((
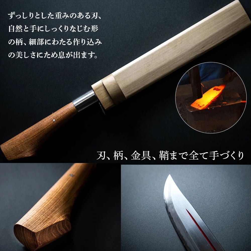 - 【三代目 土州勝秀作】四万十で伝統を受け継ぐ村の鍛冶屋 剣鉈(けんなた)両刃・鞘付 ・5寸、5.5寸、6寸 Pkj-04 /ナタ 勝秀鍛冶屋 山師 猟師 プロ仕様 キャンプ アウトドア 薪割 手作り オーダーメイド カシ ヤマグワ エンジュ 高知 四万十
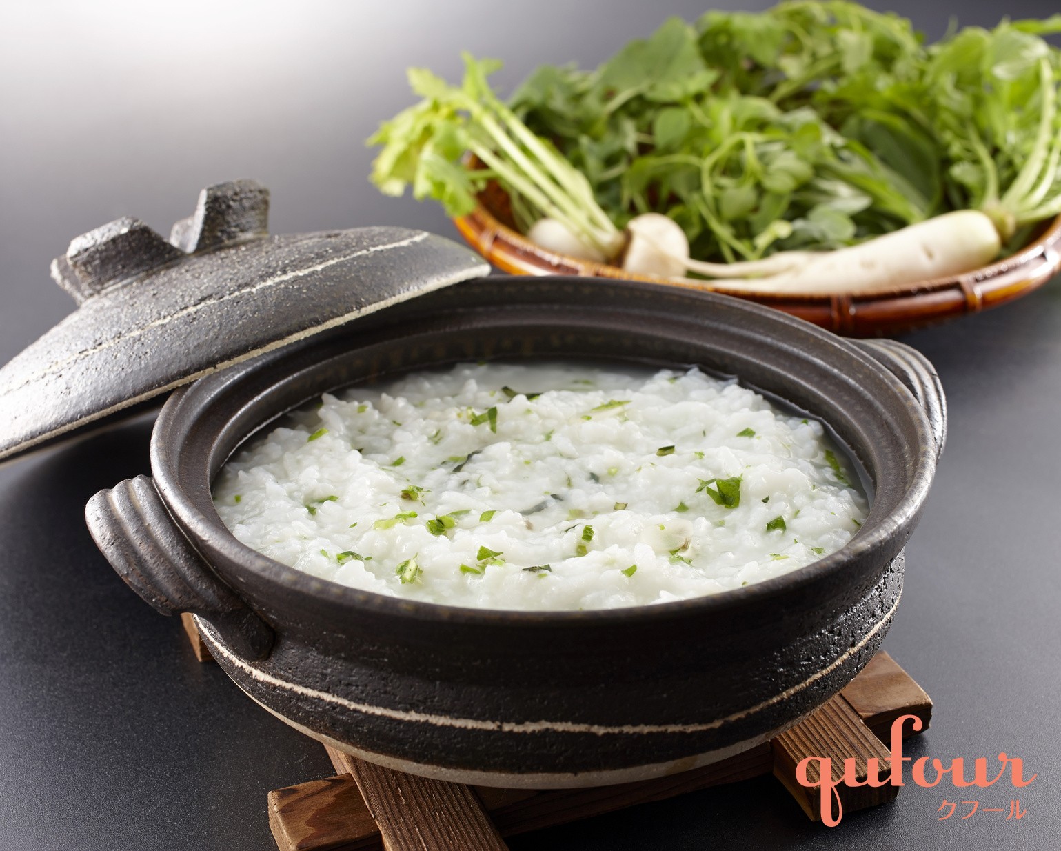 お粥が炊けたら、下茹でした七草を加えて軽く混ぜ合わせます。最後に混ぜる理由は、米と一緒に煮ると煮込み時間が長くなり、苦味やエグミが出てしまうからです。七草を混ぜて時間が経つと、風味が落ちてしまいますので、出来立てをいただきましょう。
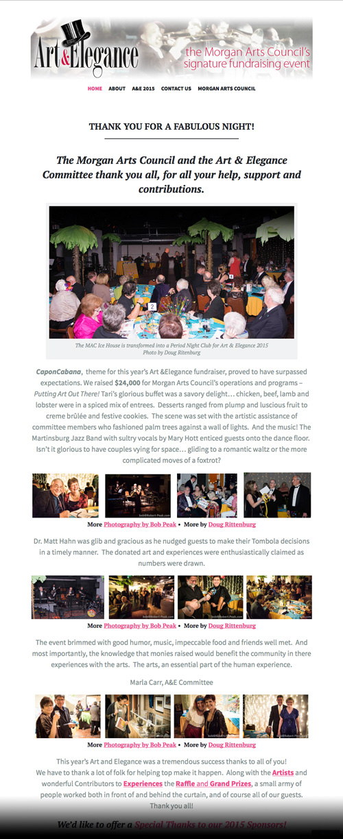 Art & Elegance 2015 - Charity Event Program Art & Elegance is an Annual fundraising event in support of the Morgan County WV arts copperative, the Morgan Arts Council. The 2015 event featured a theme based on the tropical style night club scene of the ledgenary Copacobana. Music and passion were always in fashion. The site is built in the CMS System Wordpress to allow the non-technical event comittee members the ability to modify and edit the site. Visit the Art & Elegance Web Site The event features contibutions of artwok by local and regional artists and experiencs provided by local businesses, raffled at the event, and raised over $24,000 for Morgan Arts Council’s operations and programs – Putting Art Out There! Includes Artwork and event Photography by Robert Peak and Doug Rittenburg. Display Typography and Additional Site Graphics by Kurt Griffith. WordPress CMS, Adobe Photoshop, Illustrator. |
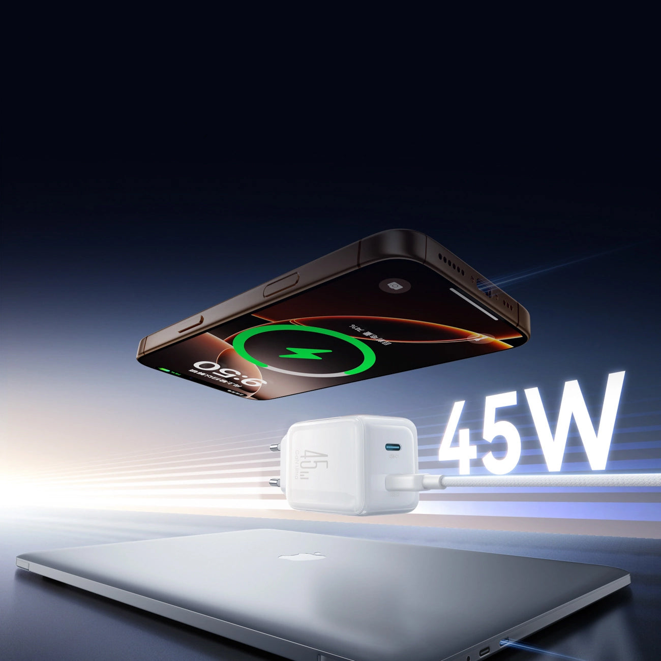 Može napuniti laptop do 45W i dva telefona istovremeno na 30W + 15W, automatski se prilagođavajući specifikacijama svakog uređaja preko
))
((
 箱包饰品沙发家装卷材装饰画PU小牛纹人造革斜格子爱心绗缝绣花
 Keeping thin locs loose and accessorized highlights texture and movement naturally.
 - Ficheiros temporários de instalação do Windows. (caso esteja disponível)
))
Task goal →
Could you set down, word for word, only the lines above from the line with "箱包饰品沙发家装卷材装饰画PU小牛纹人造革斜格子爱心绗缝绣花" to the line with "- Ficheiros temporários", including both?

Answer to this problem →
 箱包饰品沙发家装卷材装饰画PU小牛纹人造革斜格子爱心绗缝绣花
 Keeping thin locs loose and accessorized highlights texture and movement naturally.
 - Ficheiros temporários de instalação do Windows. (caso esteja disponível)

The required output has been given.